[Opening EXERCISE MATERIAL section]
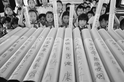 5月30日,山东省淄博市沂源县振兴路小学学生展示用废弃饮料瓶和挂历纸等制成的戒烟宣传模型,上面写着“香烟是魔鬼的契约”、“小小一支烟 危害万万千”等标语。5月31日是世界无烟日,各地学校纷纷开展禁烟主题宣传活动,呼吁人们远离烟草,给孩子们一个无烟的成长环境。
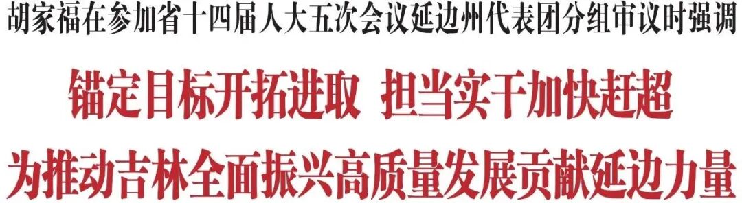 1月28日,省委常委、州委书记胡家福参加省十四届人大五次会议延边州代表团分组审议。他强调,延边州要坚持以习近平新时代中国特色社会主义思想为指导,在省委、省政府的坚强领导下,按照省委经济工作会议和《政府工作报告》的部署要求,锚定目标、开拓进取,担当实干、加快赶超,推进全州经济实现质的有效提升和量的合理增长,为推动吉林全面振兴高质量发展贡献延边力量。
[Closing EXERCISE MATERIAL section]
[Opening EXERCISE MATERIAL section]
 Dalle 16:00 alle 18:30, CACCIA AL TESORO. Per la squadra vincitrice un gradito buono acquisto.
[Closing EXERCISE MATERIAL section]
[Opening EXERCISE MATERIAL section]
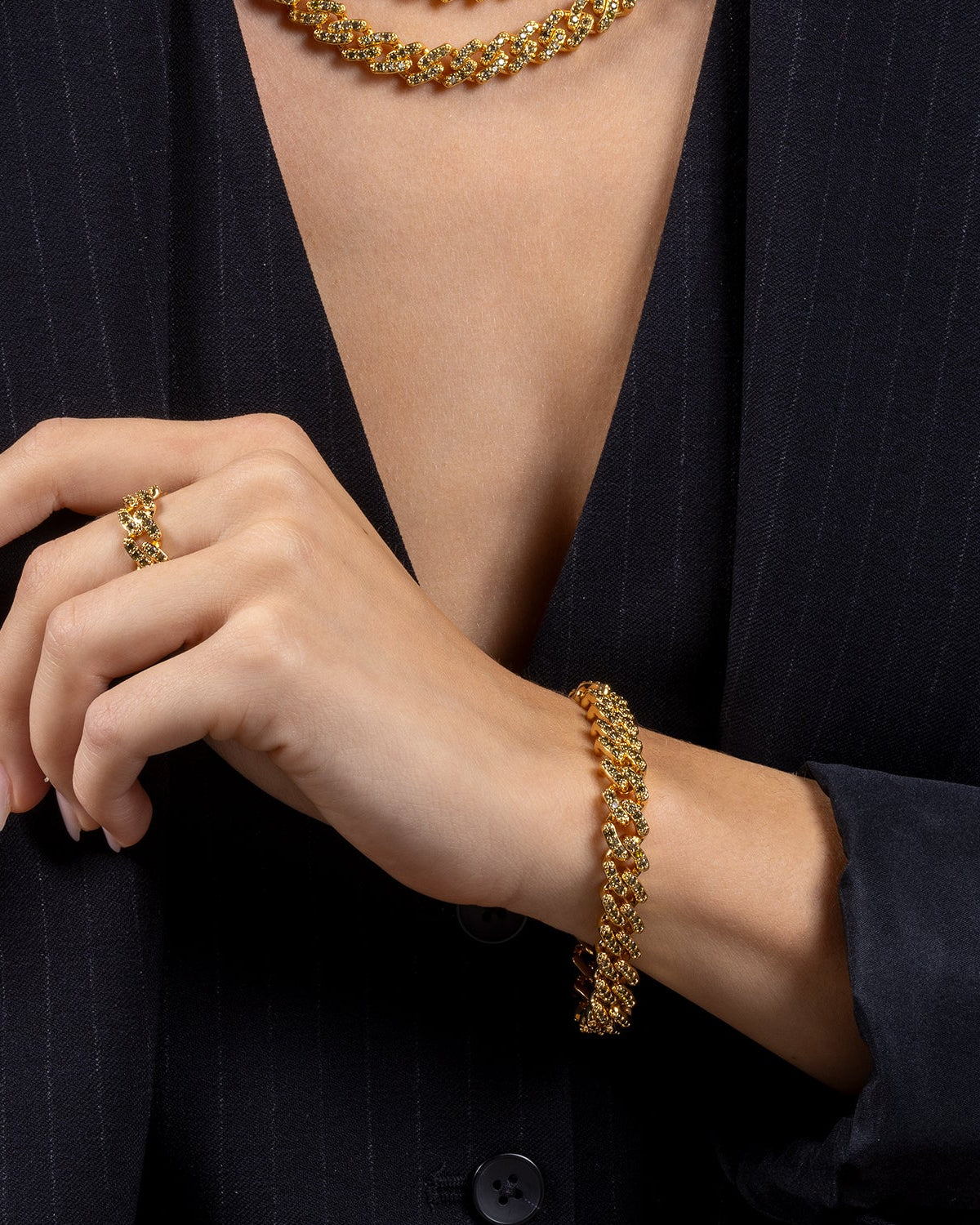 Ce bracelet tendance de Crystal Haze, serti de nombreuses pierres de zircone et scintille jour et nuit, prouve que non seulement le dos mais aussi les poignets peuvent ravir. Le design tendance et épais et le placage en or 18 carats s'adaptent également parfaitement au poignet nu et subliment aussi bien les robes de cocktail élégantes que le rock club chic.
[Closing EXERCISE MATERIAL section]
**AIM OF THE EXERCISE**
Copy the lines above exactly, starting with the line that contains "5月30日,山东省淄博市沂源" and ending with the line that contains "1月28日,省委常委、州委书", and leave out any pictures.

**RESULT BELOW**
 5月30日,山东省淄博市沂源县振兴路小学学生展示用废弃饮料瓶和挂历纸等制成的戒烟宣传模型,上面写着“香烟是魔鬼的契约”、“小小一支烟 危害万万千”等标语。5月31日是世界无烟日,各地学校纷纷开展禁烟主题宣传活动,呼吁人们远离烟草,给孩子们一个无烟的成长环境。
 1月28日,省委常委、州委书记胡家福参加省十四届人大五次会议延边州代表团分组审议。他强调,延边州要坚持以习近平新时代中国特色社会主义思想为指导,在省委、省政府的坚强领导下,按照省委经济工作会议和《政府工作报告》的部署要求,锚定目标、开拓进取,担当实干、加快赶超,推进全州经济实现质的有效提升和量的合理增长,为推动吉林全面振兴高质量发展贡献延边力量。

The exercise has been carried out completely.